- Born: 22 October 1929 Brooklyn, New York, U.S.
- Died: 13 July 2006 (aged 76) Raleigh, North Carolina, U.S.
- Education: University of Miami (bachelor's 1955, master's 1956)
- Alma mater: Duke University Ph.D.
- Known for: Probabilistic epigenesis; Imprinting;
- Spouse: Nora Lee Willis Gottlieb
- Children: 4
- Scientific career
- Institutions: Dorothea Dix Hospital (North Carolina); The Center for Developmental Science at the University of North Carolina; Excellence Foundation Professor and Head of the Department of Psychology at the University of North Carolina at Greensboro; ;
- Thesis: The Following Response of Wild and Domestic Ducklings of the Same Species (Anas platyrhynchos) (1960)
- Academic advisors: Theodore C. Schneirla
- Notable students: Robert Lickliter

= Gilbert Gottlieb =

American psychologist (1929–2006)

Gilbert Gottlieb (22 October 1929 – 13 July 2006) was an American psychologist.

After receiving his bachelor's and master's degrees from the University of Miami, he received his Ph.D. in the psychology - zoology program at Duke University. He observed the differences in bird development, by both observing egg hatching and manipulating variables important to bird development, including calls. Gottlieb's major contribution to the field of psychology was his theory of probabilistic epigenesis, which explains that there is no predetermined path to trait development. Gottlieb died 13 July 2006 in Raleigh, North Carolina. He was married to Nora Lee Willis Gottlieb with four children.

== Life and career ==

Gottlieb was born in Brooklyn, New York on 22 October 1929.

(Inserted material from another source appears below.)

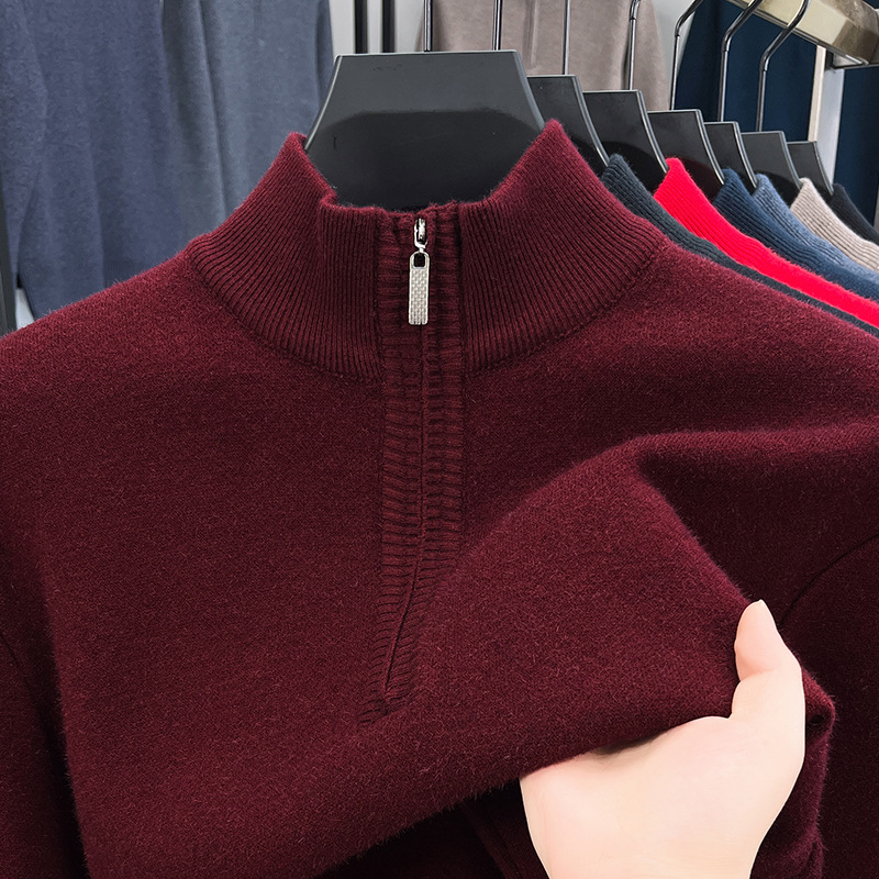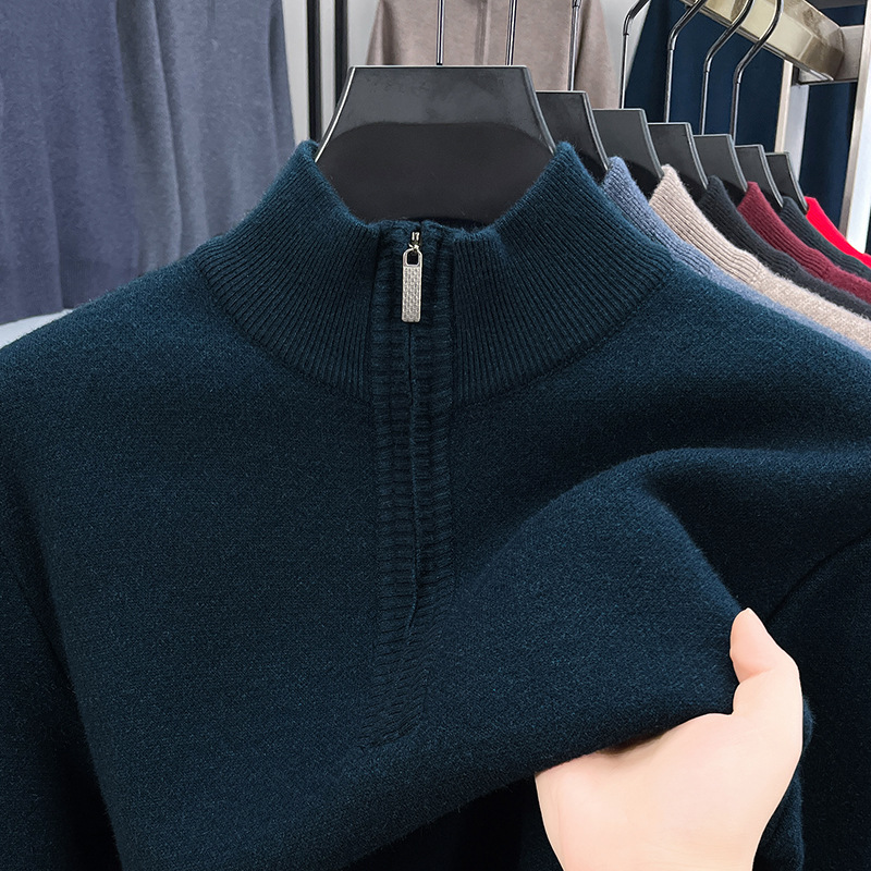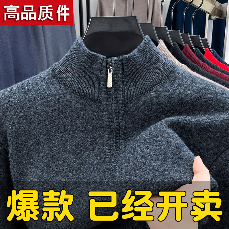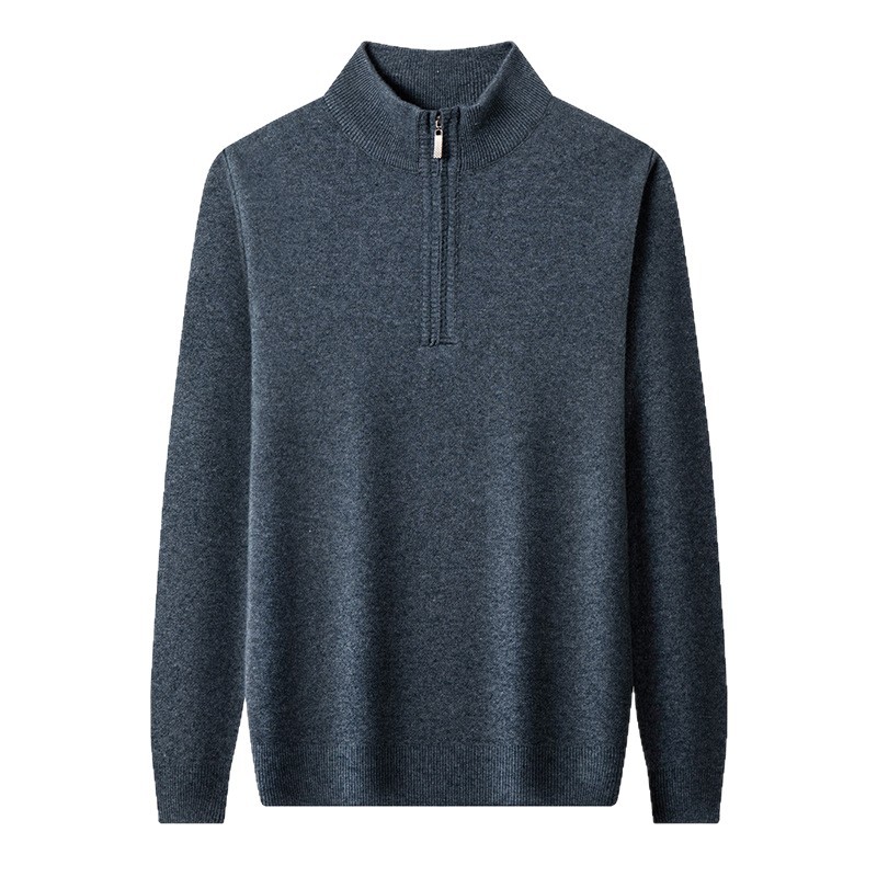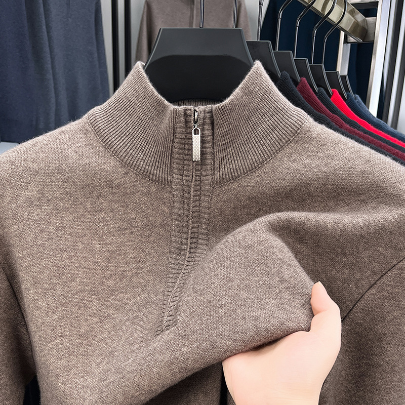 Главная страница > Высококачественный мужской вязаный свитер, с длинными рукавами, утолщенный, однотонный, с воротником-стойкой на молнии, оптовая продажа одежды для мужчин среднего возраста

He received the Distinguished Scientific Contributions to Child Development Award from the Society of Research in Child Development in 1977. in 1982 he was an Excellence Foundation Professor and Head of the Department of Psychology at the university of North Carolina at Greensboro. After this he received his Ph.D. in Duke's joint psychology-zoology program, allowing him to further his research on birds. From 1961 to 1982, Gottlieb led the research lab at Dorothea Dix Hospital in Raleigh, an unusual case of research on animals' naturally occurring behavior being conducted at a psychiatric hospital lab. In 1983 he was elected a Fellow of the American Association for the Advancement of Science.
Gottlieb died July 13, 2006.

== Research ==
As a graduate student Gottlieb studied behavior imprinting of ducklings. He noticed that duck eggs laid at the same time hatched at different times. He expanded the research by Eckhard Hess by "plott[ing] the bird's responsiveness in terms of developmental age - the age from the beginning of embryonic development" (p. 446). The problem that Gottlieb found with Hess' research is that he would not replicate what Hess called the "critical period" for imprinting. The developmental age that Gottlieb measured characterized this "critical period" with an "appropriate" independent variable. Gottlieb suggests that imprinting may be the result of a series of complex and subtle feedback processes.

Gottlieb continued his research involving birds by depriving mallard ducks of auditory sensory stimulation experienced in normal development. He then exposed them to both chicken and mallard calls. He found that instincts do not solely depend on experience, but influential social situations.

Gottlieb's major contribution to psychology was his theory of probabilistic epigenesis, which states that behavioral development does not have a predetermined course. He described "experiential effects as facilitating, inducing, and maintaining development" (p. 163).

== Publications ==
- (1991a). Experiential canalization of behavioral development: Theory. Developmental Psychology, 27, 4–13.
- (1991b). Experiential canalization of behavioral development: Results. Developmental Psychology, 27, 35–39.
- (2007). Probabilistic epigenesis. Developmental Science, 10, 1–11.
- (1997). Synthesizing nature and nurture: Prenatal roots of instinctive behavior. Lawrence Erlbaum Associates.
- With Krasnegor, N. A. (1985). Measurement of audition and vision in the first year of postnatal life. Ablex Publishing.
- (1971). Development of species identification in birds: An inquiry into the prenatal determinants of perception. (1 ed.). Chicago: University of Chicago Press.
- (1973). Behavioral embryology (studies on the development of behavior and the nervous system. (Vol. 1). Academic Press.
- (1968). Prenatal behavior of birds. Quart Rev Biology.